Q. How do you like the economy, Mr. President?

The President. Well, I'm encouraged by the growth figures and by the fact that all the indicators are that there's no significant increase in inflation. So it's good to have that information.

I think it's plain—if you look at what happened in the fourth quarter of last year, we had the normal increase in consumer spending because of the holidays, and the accumulated impact of low interest rates bringing more and more investment. And so what we've got to try to do is to keep working to bring the deficit down, to keep interest rates down, to make targeted investments with public money where our country needs it the most, and to try to keep this climate down. We have more investments coming in so we've created more jobs. It's very encouraging. It's a good sign.

Northern Ireland

Q. Have you given any second thoughts about having Gerry Adams come to this country since what he has said, since he has made his comments, since——

The President. No, I don't know yet, I don't think we can draw a conclusion yet that it will in the long run be a positive thing for the peace process, but I don't think we can say it's negative, either. I think that we made a judgment call that we ought to try to encourage them to move towards the joint declaration and to try to make peace. I think it was a good judgment call. I think it was well-founded, and I still believe that.

Health Care Reform

Q. Are you beginning to have a sense of where Congress is going now on the health care plan? And do you have any ideas about where some of the major compromises are coming right now?
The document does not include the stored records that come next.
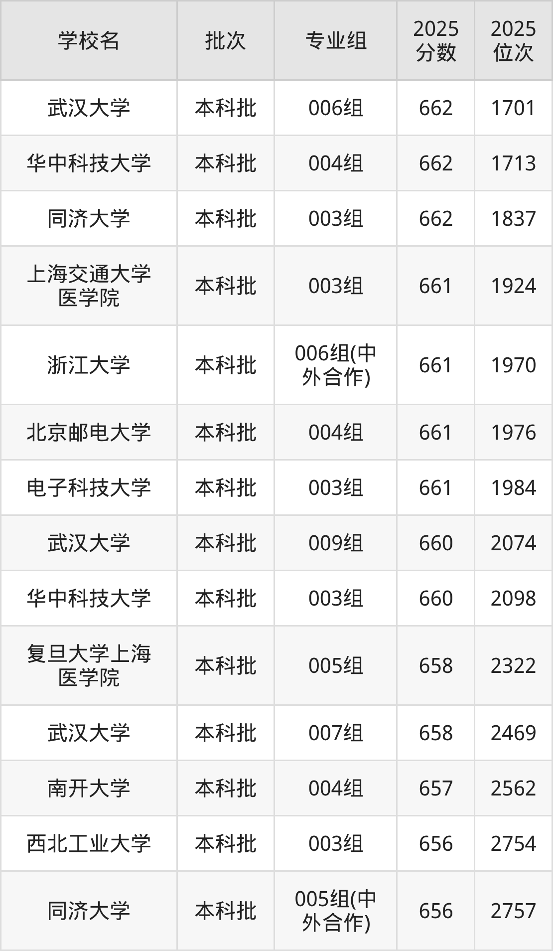 2025年安徽高考物理类659分(2153名~2307名)录取位次低于该区间(较稳妥)的有复旦大学上海医学院005组(2322名)、武汉大学007组(2469名)等;录取位次高于该区间(可冲)的有华中科技大学003组(2098名)、武汉大学009组(2074名)等。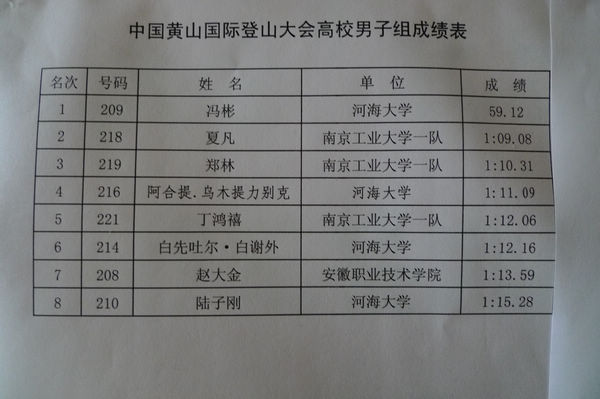 由国家体育总局登山运动管理中心、中国登山协会、安徽省体育局和黄山市人民政府主办,黄山风景区管委会、市委宣传部、市体育局、黄山旅游发展股份有限公司承办,安徽省体育彩票管理中心、泉州天伦天户外运动、中华户外网协办的2011年全国群众登山健身大会暨第七届中国黄山国际登山大会于11月14日上午在黄山风景区举行了开幕式,并进行了登山比赛。 第七届中国黄山国际登山大会是一次高规格的国际户外运动盛会。在历届黄山登山大会活动中,本届黄山国际登山大会人数最多、规模最大、参赛国家最多,有来自美国、英国、法国、韩国、俄罗斯、尼日利亚等52个国家200多名国外登山爱好者及来自国内10多个省市和7所高校的百余支代表队,共1000多名登山运动爱好者参加。登山线路从黄山风景区南大门出发,途经慈光阁,终点在玉屏楼,全长约12公里。比赛设:国内青年男、女组,中老年男、女组,高校男、女组,国外男、女组进行,各组分别取前八名,国内青年组、中老年组、高校组设团体奖,分别取团体前六名。 校大学生田径队在教练李海兵、张铭、王浩等老师率领下参加了本次登山比赛,最终取得了优异的成绩,其中女队队员杭兰旅、李晓和张菲菲同学分别获高校组女子第一、第三和第四名, 男队队员夏凡、郑林、丁鸿禧、王翔飞、茅伟分别获高校男子组第二、第三、第五第十四、第十七名,同时校田径队荣获高校组女子团体总分第一名、男女团体总分第二名,学校还获得了优秀组织奖。校田径运动健儿在比赛过程中所表现出来的那种“勇于争先、坚持不懈、顽强拼搏精神”给组委会和参加比赛的兄弟学校同仁及广大登山爱好者留下了深刻印象,充分地展示了南工大学子的风采。(来自体育部)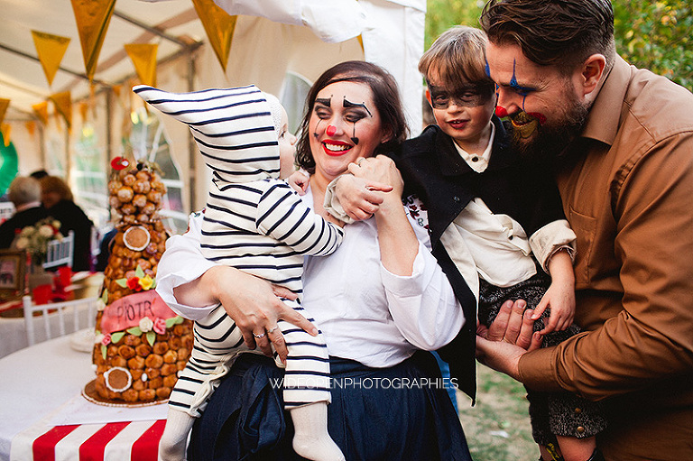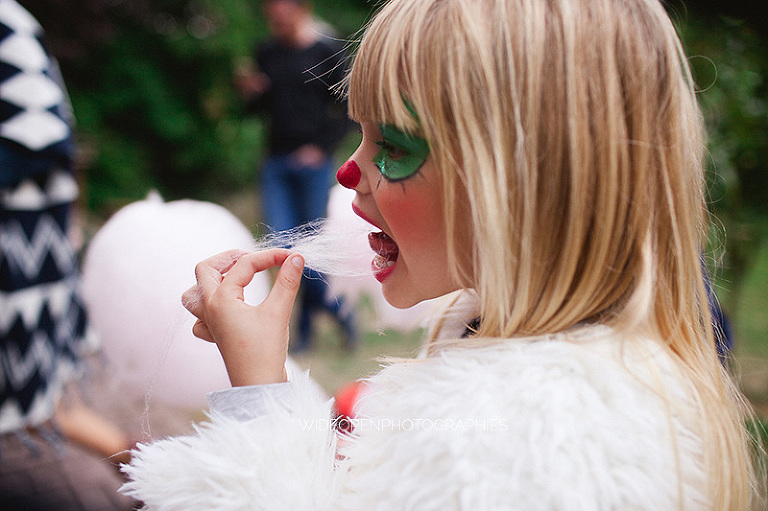 Ensuite, direction leur grande maison pour de la barbe à papa, du pop corn collant, une maquilleuse nous transformant tous en des personnages de cirque et des jeux façon estaminet, le tout sous une canicule d’octobre.

The President. No, because they're still in the subcommittees. I don't, but I will before long.

Balanced Budget Amendment

Q. Have you got the votes to beat the balanced budget?

The President. I don't know. We've got a record that ought to defeat it. I mean, the problem with the amendment if you read it is, on its terms, if it's carried out, it will require either a large tax increase or big cuts in defense and domestic programs critical to our job growth or both. And if it's ignored, it will—by ignoring it, that is if you say, "Well, we can't do this; we're going to suspend it," then you put the whole future of the country in the hands of the 40 percent plus one vote in both Houses of Congress. And I don't think that's a very good thing.

Under the plan we're now following, if the Congress adopts this budget with its spending limits, we'll have the first 3 years since the Truman Presidency a declining deficit. We're moving in the right direction. I think that's very important. So I hope that the Senate will not adopt it. I know it's politically popular, but I don't think it's good policy.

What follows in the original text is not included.